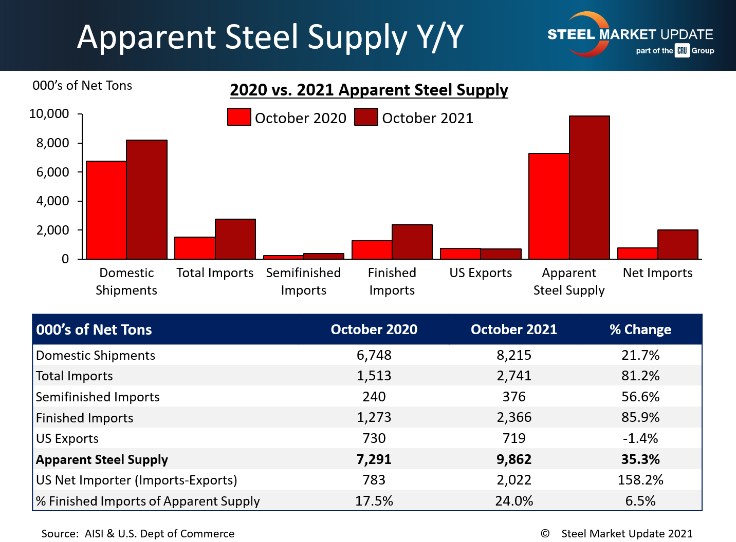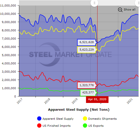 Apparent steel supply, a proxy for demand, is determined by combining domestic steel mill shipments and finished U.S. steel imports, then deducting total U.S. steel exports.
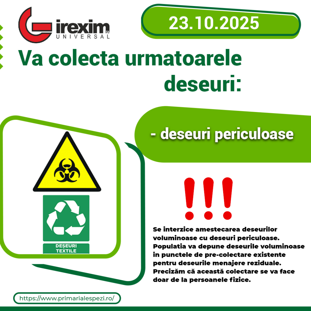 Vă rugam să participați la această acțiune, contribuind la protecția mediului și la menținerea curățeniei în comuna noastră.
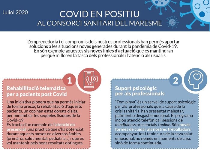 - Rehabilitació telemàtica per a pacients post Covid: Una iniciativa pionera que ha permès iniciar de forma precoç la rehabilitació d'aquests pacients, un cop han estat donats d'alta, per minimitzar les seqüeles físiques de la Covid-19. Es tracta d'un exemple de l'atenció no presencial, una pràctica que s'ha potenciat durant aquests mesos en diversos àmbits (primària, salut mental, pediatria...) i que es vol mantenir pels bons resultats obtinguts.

| WHAT THE TASK REQUIRES |
Across the whole listing above, repeat each line exactly and leave out the images.

| SOLVED PROBLEM |
 Apparent steel supply, a proxy for demand, is determined by combining domestic steel mill shipments and finished U.S. steel imports, then deducting total U.S. steel exports.
 Vă rugam să participați la această acțiune, contribuind la protecția mediului și la menținerea curățeniei în comuna noastră.
 - Rehabilitació telemàtica per a pacients post Covid: Una iniciativa pionera que ha permès iniciar de forma precoç la rehabilitació d'aquests pacients, un cop han estat donats d'alta, per minimitzar les seqüeles físiques de la Covid-19. Es tracta d'un exemple de l'atenció no presencial, una pràctica que s'ha potenciat durant aquests mesos en diversos àmbits (primària, salut mental, pediatria...) i que es vol mantenir pels bons resultats obtinguts.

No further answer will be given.